We’re the Bonin/MacDonald family from Greater Sudbury. We have two children; Elijah, 14 with Asperger’s and ADHD; Lilly-Anna 5, was diagnosed as a level 3 on the Autism Spectrum and global development delay. Our home is busy with children and tired parents.
Elijah is an energic, smart and social individual, who loves to play boards and talk about computer games to anyone who is willing to listen. He was diagnosed at 5 after being asked not to return to daycare and at two different private schools because they didn’t have the resources to handle his meltdowns. Elementary school was a challenge and a source of never-ending stress on us parents waiting for phone calls to come pick him up because he was being too disruptive for the class. We had to move to get him to a different school district which had the proper program setup for him. Over time the calls became fewer, that now in secondary school he is being integrated into regular classes.

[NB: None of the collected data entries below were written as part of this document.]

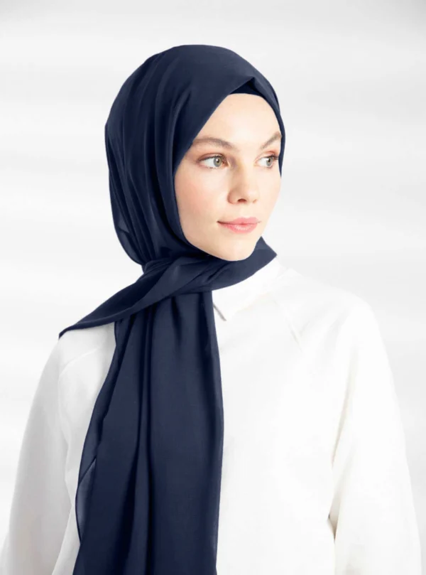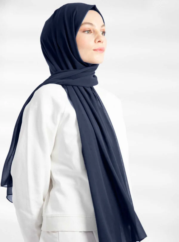 Crepe Chiffong Hijab Marinblå – Färgkod 23 är mer än bara en accessoar – den är en del av din personliga stil. Den representerar både enkelhet och lyx, vilket gör den till ett oumbärligt plagg i garderoben för kvinnor som vill kombinera tradition och modernitet.
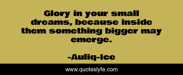 "Auliq-Ice Quotes." Quoteslyfe.com, 2025. Fri. 05 Dec. 2025. <https://www.quoteslyfe.com/quote/Glory-in-your-small-dreams-because-inside-60200>.
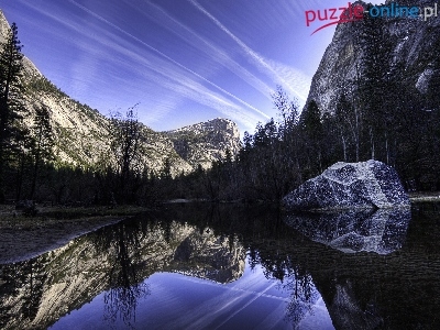Puzzle Drzewa, Góry, Odbicie
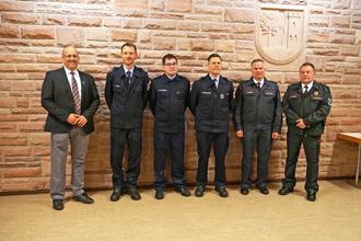 Das silberne FW-Ehrenzeichen für 25-jährige aktive, pflichtgetreue Tätigkeit bei der Feuerwehr wurden Hauptlöschmeister Christian Ziegler (FW Esthal), Hauptlöschmeister Andreas Braun (FW Frankeneck) und Brandmeister Mathias Singer (FW Iggelbach) verliehen.
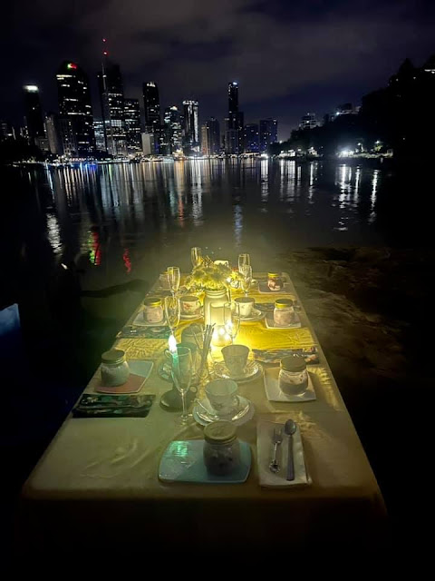 An amazing surprise, dawn breakfast on the bank of the Brisbane River.
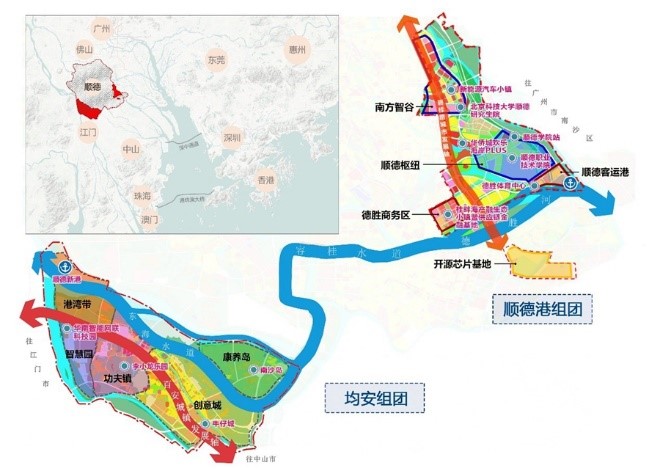 據了解,合作區規劃面積約100平方公里,包括順德港和均安兩個組團,將依托順德客運港、順德新港貨運港強化與廣深港澳等中心城市的交通聯系,帶動人流、物流、資金流等要素順暢流動和集聚,形成“雙港領航,雙團聯動”的空間格局。
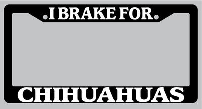 Black License Plate Frame "I Brake For Chihuahuas" Auto Accessory Novelty I Brake For Chihuahuas Black license plate frame made from high impact ABS plastic, covered with color vinyl printing. This frame is designed to last. These frames will last longer than your car.
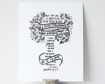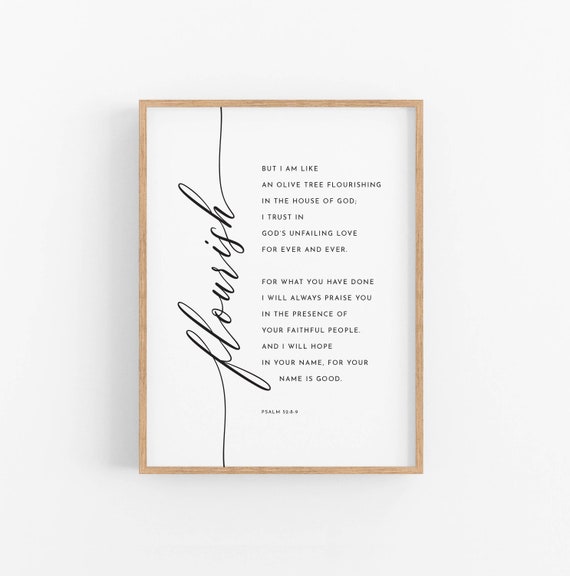 Psalm 52 8 9 Flourish Bible Verse Wall Art Scripture Print Etsy
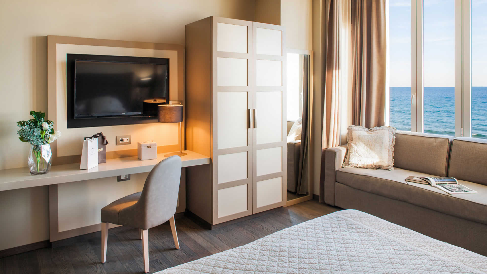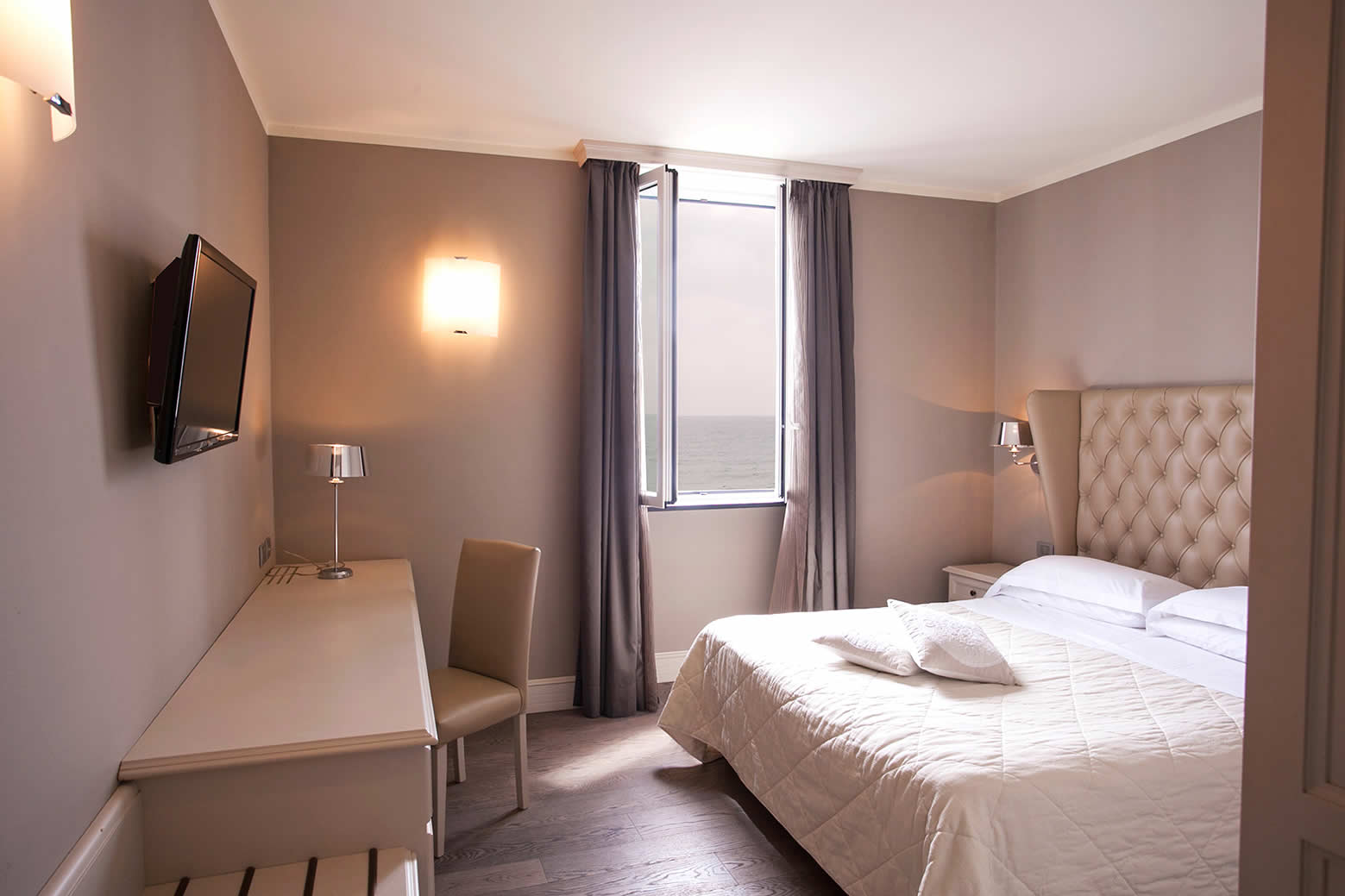 Situate sia in Hotel che nella nostra dependance "Piccolo Savoia". La superficie della camera è di circa 24/30 mq, arredata con stile, fronte mare, dotata di serratura elettronica, TV satellitare, riscaldamento e condizionamento con controllo individuale, minibar, cassaforte, WIFI gratuito; è presente il bagno con grande doccia, set di cortesia, pantofole, asciugacapelli, bollitore elettrico.
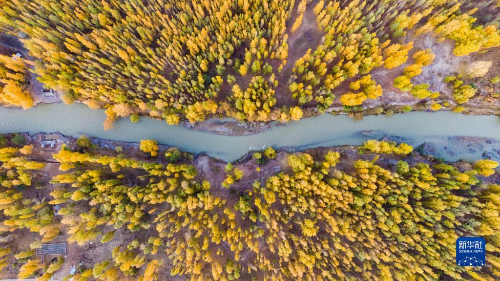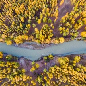 新疆博樂(lè )博爾塔拉河國家濕地公園秋景(2022年10月20日攝,無(wú)人機照片)。

Lilly-Anna is our little miracle born prematurely at 27 weeks. At around two year of age we (mostly her mother) started notice signs that she may be autistic; not as social as other infants, she didn’t interact or acknowledge anyone, no sense of dangers, hand flapping, hand leading and was largely non-verbal. Because she was a preemie were able to skip the waitlist here in Sudbury and shortly after turning 3 she was diagnosed during a fellow appointment at Sunnybrook Health Sciences Centre. Lilly was lucky enough to be selected for the Jasper program. She was very successful in the program and she now loves to play with other children. She can also read and speak in full sentences (my favourite remains “Daddy hold my hand”).

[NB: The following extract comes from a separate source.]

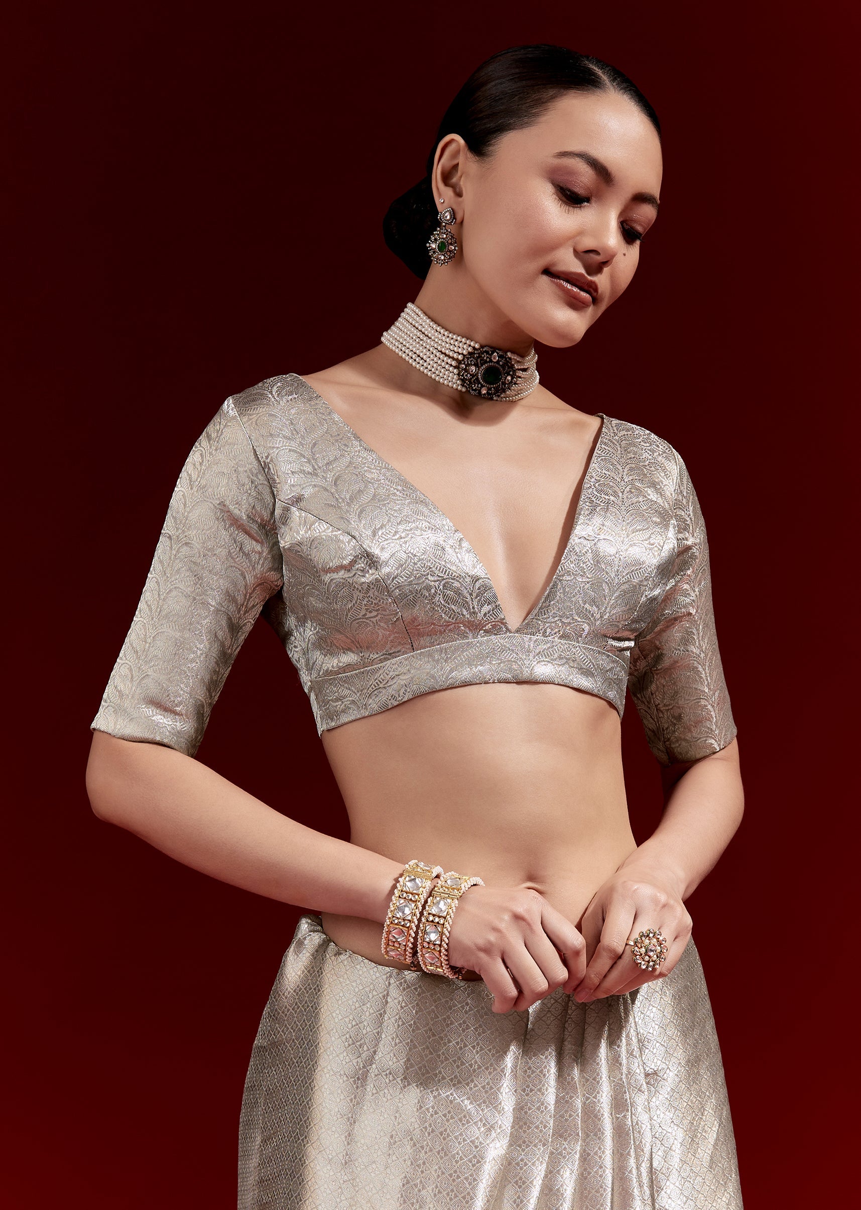 Fit Tips:Iron pleats lightly and pin the pallu so the metallic texture stays smooth.

We have experienced what happens when you place an autistic child in a classroom without the proper resources. Elijah’s meltdowns were severe lasting ½ hour or longer. In class he could become overwhelmed, throwing chairs, flipping tables, ripping things off the wall. On a few occasions, he prevented teachers and students from exiting the classroom by standing in the doorway. Thankfully he never accidently injured a teacher or worse another child. Without the proper therapies and resources to accommodate him, schools did not know how deal with his meltdowns, some schools would place him in a room or closet with no windows for days and in one case a teacher suggested a “good beating” would resolves his meltdowns.
Neither of our children received intensive therapies, Lilly has been on a waitlist since diagnosis and Elijah aged out of IBI by time he was diagnosed. Thankfully, we also had some very good teachers who genuinely cared for our children, however teachers are not therapist. We the had support of speech therapists, occupational therapists, psychometrists and psychologist to help us develop strategies for our children. Under the new OAP, these resources might not be available and as single working family we cannot afford to pay for private treatments.
We urge you, the provincial government to make sure that every child get treatments that they need. Please do not place autistic children in the classroom without therapies and resources for the safety of all concerned.